— About this task —
Beginning with the line containing "Dětský běhoun na" and ending with the line containing "Aydın’da düzenlenen mitingde", write out each line of the records below exactly; pictures and lines outside that range are left out.

— Dataset extract —
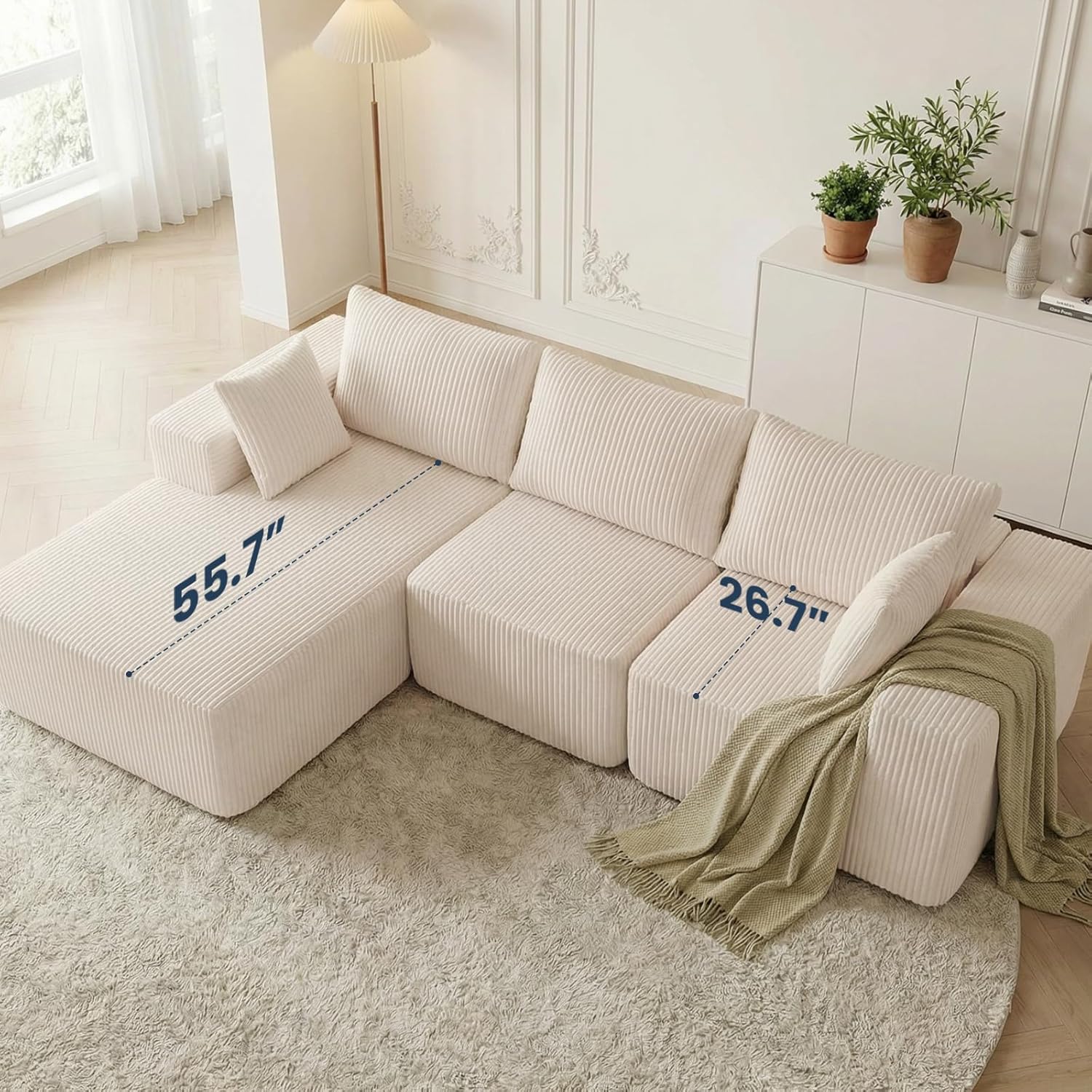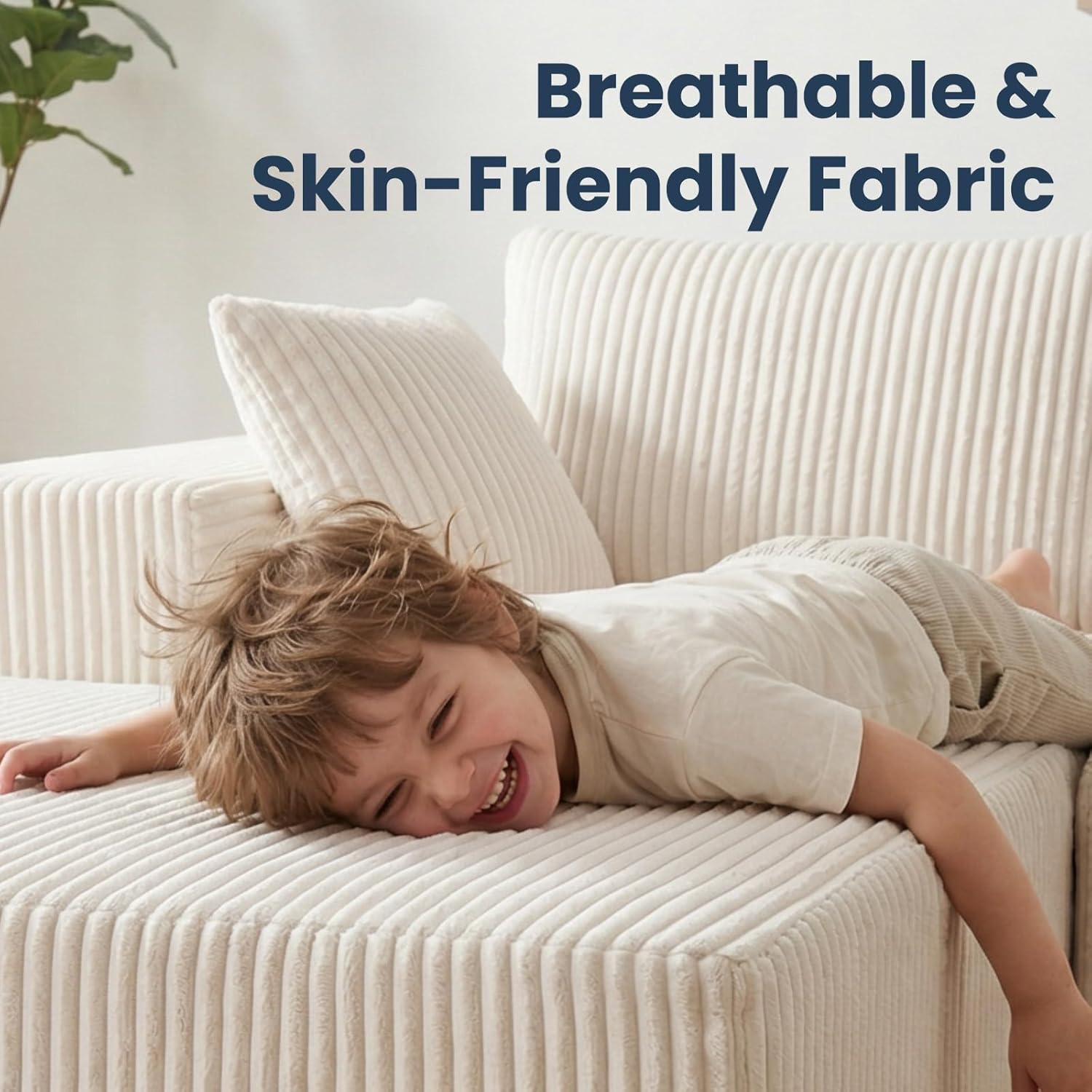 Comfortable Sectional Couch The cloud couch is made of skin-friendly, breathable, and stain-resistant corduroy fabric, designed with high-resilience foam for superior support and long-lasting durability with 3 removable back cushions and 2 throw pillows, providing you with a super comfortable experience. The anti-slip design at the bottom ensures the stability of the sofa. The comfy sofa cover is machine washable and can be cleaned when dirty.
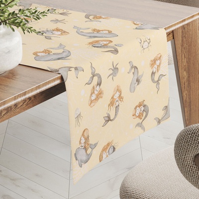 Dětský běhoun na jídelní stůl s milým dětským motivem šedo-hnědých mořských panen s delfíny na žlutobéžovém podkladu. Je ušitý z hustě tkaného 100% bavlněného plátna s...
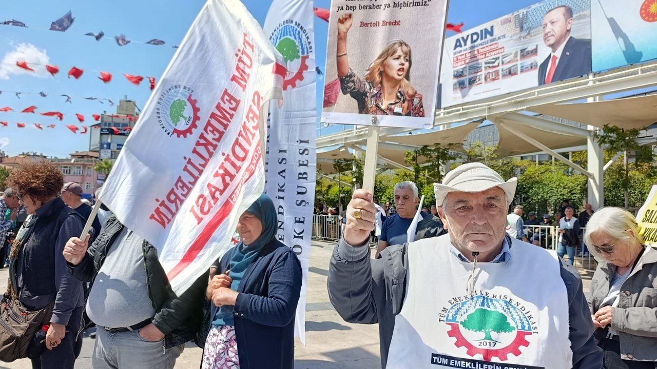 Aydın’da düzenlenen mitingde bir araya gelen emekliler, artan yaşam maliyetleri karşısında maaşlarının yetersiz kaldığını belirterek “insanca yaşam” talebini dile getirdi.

* * *

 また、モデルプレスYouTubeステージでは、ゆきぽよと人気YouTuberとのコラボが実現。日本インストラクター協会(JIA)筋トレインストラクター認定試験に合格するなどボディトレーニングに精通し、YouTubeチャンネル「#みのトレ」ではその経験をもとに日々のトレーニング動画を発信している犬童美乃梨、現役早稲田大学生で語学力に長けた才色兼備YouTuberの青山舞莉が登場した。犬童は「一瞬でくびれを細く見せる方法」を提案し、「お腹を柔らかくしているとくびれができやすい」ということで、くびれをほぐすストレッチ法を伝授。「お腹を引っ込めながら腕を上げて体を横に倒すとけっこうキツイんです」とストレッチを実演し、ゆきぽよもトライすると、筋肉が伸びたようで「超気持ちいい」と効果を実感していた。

— Solution to this problem —
 Dětský běhoun na jídelní stůl s milým dětským motivem šedo-hnědých mořských panen s delfíny na žlutobéžovém podkladu. Je ušitý z hustě tkaného 100% bavlněného plátna s...
 Aydın’da düzenlenen mitingde bir araya gelen emekliler, artan yaşam maliyetleri karşısında maaşlarının yetersiz kaldığını belirterek “insanca yaşam” talebini dile getirdi.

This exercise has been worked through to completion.